Genetische Module und Schaltkreise mit Potenzial
Methoden der Synthetischen Biologie können es auch erleichtern, neue pharmakologische Wirkstoffe aufzuspüren. Forscher um Eriko Takano von der Universität Groningen in den Niederlanden fahnden im Erbgut von Mikroorganismen nach genetischen Modulen, die die Einzeller nicht mehr nutzen, die aber in der Lage sind, bisher unbekannte Antibiotika zu produzieren. Die Baupläne für die Antibiotika sollen dann künstlich nachgebaut und in synthetischen genetischen Regelkreisen integriert werden, um die Information auf den stillgelegten genetischen Modulen zu Antibiotikaherstellung nutzen.

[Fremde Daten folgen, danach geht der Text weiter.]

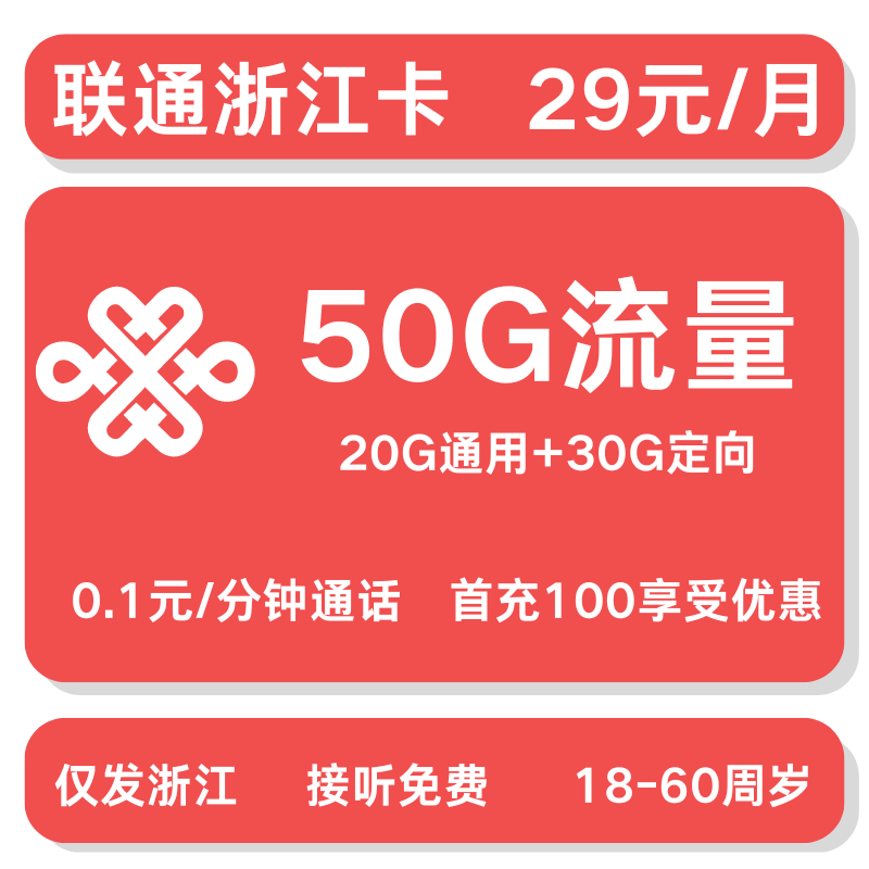 浙江省内联通39元50GB【仅发浙江】

Darüber hinaus gibt es Forschungsansätze in der Synthetischen Biologie, diagnostische Sensoren, die etwa einen Mangel im Körper registrieren und die Wirkstoffproduktion in neuartigen Implantaten zusammenführen. Diese genetischen Netzwerke sind so konstruiert, dass sie auf ein Signal reagieren und eine hormonaktive Substanz produzieren. So haben Forscher um Martin Fussenegger der ETH Zürich im Sommer 2014 beispielsweise eine molekulare, implantierbare Prothese zur Behandlung von Diabetes vorgestellt (Ausländer, Molecular Cell, 2014). Dabei handelt es sich um Designer-Zellen mit einem Biosensor, der konstant den Säuregrad des Blutes misst, und einem genetischen Regelkreis, der die benötigte Menge an Insulin produziert.
In diesem Fall haben es die Forscher also geschafft, den Regelkreis so zu konstruieren, dass das Signal im Körper selbst entsteht, es vom Sensor wahrgenommen wird und dieser wiederum eine fein abgestimmte therapeutische Gegenreaktion auslöst. Millionen dieser maßgeschneiderten Designer-Zellen betteten die Forscher wiederum in Kapseln ein, welche als Implantat in den Körper eingesetzt werden könnten. Bislang haben die Forscher ihr System an Mäusen getestet, langfristig könnte damit ein neuer Ansatz zur Behandlung von Diabetes-Patienten etabliert werden.
Um die Funktionsfähigkeit des Sensors zu testen, setzten die Forscher auch auf die Hilfe von mikrofluidischen Plattformen. Damit haben sie ihren diagnostischen Test vor den Tierversuchen im Mikromaßstab unter Laborbedingungen überprüft. Die Dynamik der Insulinproduktion modellierten sie zudem vorab im Computer, um die Zellen für eine möglichst effektive Herstellung des Wirkstoffs zu optimieren. Solche systembiologischen Vorgehensweisen sind aus Sicht der Forscher eine wichtige Hilfe, um die Feinabstimmung von metabolischen Prozessen in einem genetischen Regelkreis zu realisieren (zu Zellen Programmieren).